A former employee of a motel in Destruction Bay has been awarded $5,000 after the Yukon Human Rights Board of Adjudication found that his boss had violated his rights by repeatedly pulling his pants down.
In a decision dated June 20, the board wrote that it found former Talbot Arm Motel employee Peter Budge had indeed faced sexual harassment at the hands of motel co-owner Charles Eikland, who pulled down Budge’s pants on several occasions from May to September 2014.
Budge originally filed a complaint with the Yukon Human Rights Commission in 2015 over the pantsing incidents and also said that the motel, and by extension, its co-owners Eikland and Suzanne Tremblay, were complicit in the harassment by doing nothing to stop it.
He said that the harassment started after he returned to work following a serious car accident that left him on pain medication and with partial mobility in one of his arms.

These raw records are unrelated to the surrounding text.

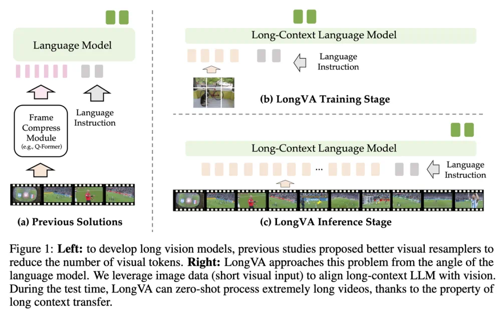 针对处理长视频面临的挑战,研究团队提出了 “长上下文迁移” 这一全新思路。他们认为, 目前长视频大模型的多帧瓶颈不在如如何从 Vision Encoder 抽取压缩的特征上面(下图(a)), 而在于扩展模型的长上下文能力上。
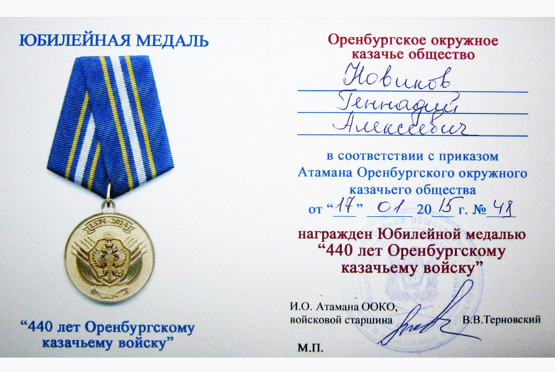 Приказом и. о. атамана ООКО войсковым старшиной В.Терновским от 17 января 2015 года № 41 духовник хутора «Орский» иерей Геннадий Алексеевич Новиков награжден юбилейной медалью «440 лет Оренбургскому казачьему войску». Также священнику вручена атаманская грамота за личный вклад в дело развития и укрепления казачьего общества.
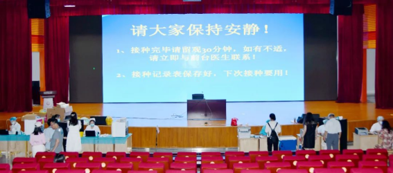 疫苗接種(zhǒng)點設置(zhì)在紫金校區大(dà)禮堂,現場(chǎng)設置候診區、健康申報區、問詢登記(jì)區、接種區、留觀區等區域,各個分區都設有誌願者,主動為師生提供幫助。
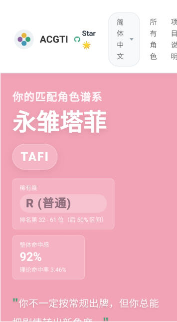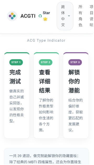 ACGTI二次元人格测试app最新版本是专为二次元爱好者量身打造的MBTI 趣味人格测评神器,基于经典 MBTI 四维人格模型,结合 ACG 圈层专属情境题目,把枯燥的性格测试变成二次元角色匹配体验。完成测试即可解锁专属二次元人设、精美立绘与完整性格解析,免费无广告、无需登录,是漫友自我探索、趣味玩梗、社交配图的宝藏工具。
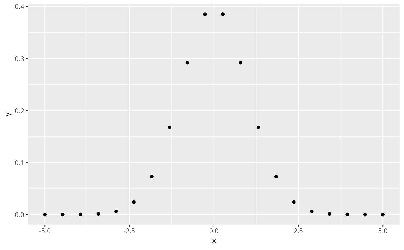 base + stat_function(fun = dnorm, geom = "point")
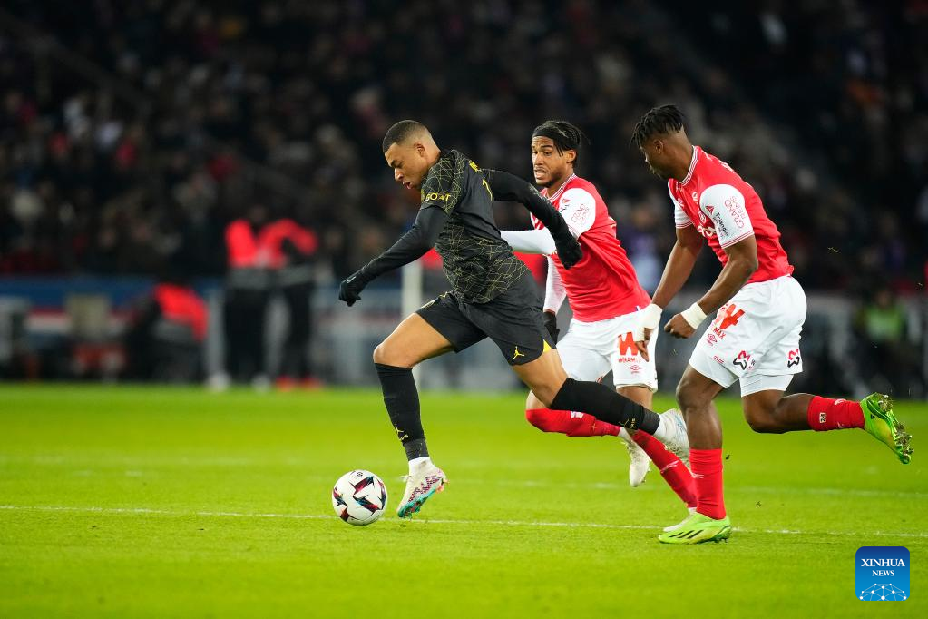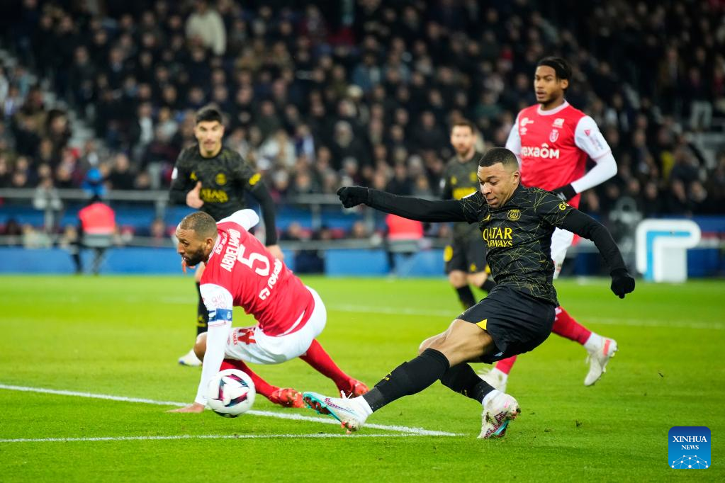 Paris Saint-Germain's Kylian Mbappe (front R) shoots the ball during the French Ligue 1 football match between Paris Saint-Germain FC and Stade de Reims in Paris, France, Jan. 29, 2023. (Photo by Glenn Gervot/Xinhua)

Eikland and Tremblay denied the allegations and represented themselves when the complaint was heard before the board in Whitehorse in May.

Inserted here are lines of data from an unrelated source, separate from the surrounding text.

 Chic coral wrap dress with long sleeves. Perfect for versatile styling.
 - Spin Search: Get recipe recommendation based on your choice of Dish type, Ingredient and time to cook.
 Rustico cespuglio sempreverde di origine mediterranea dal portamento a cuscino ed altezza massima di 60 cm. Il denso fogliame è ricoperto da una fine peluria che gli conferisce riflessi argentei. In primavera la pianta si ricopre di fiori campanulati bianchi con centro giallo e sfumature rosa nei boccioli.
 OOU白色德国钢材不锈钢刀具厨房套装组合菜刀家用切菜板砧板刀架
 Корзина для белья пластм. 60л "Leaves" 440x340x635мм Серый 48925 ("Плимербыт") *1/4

In its decision, the board, consisting of chair Penelope Gawn and members Karen Keenan and B. Bruce Warnsby, wrote that it found Budge’s testimony largely credible, although it found that he “appeared to have a tendency to exaggerate his allegations to an extent that made them improbable and difficult to believe.”
Although it found that Eikland did pull Budge’s pants on several occasions, the board wrote that Budge’s assertion that the pantsing happened daily strained credibility. Witnesses who testified at the hearing only saw between two to five incidents, the board wrote.
The board also believed Tremblay’s evidence that she was unaware of the pantsing incidents and that she would have put a stop to them if she had known.
While it believed Eikland’s testimony that he found the allegations distressing, it did not believe his assertion that he only tried to pull down Budge’s pants once, if at all. It also believed that based on testimony from other witnesses, Eikland was known for joking around with staff.
“Given these circumstances, it is quite possible that the respondent Eikland did not know or did not fully appreciate that his conduct was unwelcome,” the board wrote. “However, he was not merely a co-worker but was an employer as one of the two owner/managers of the motel. The board finds on a balance of probabilities that Eikland certainly ought to have known that his pulling down or attempting to pull down an employee’s pants was unwelcome.”
The commission had submitted that Budge should be awarded $20,000 while Eikland and Tremblay argued that, if any award should be given, it should be $1,500.
Budge had requested $50,000 and a written apology.
The board ultimately awarded Budge $5,000, with both Eikland and Tremblay liable, and said that it did not have the power to order a written apology.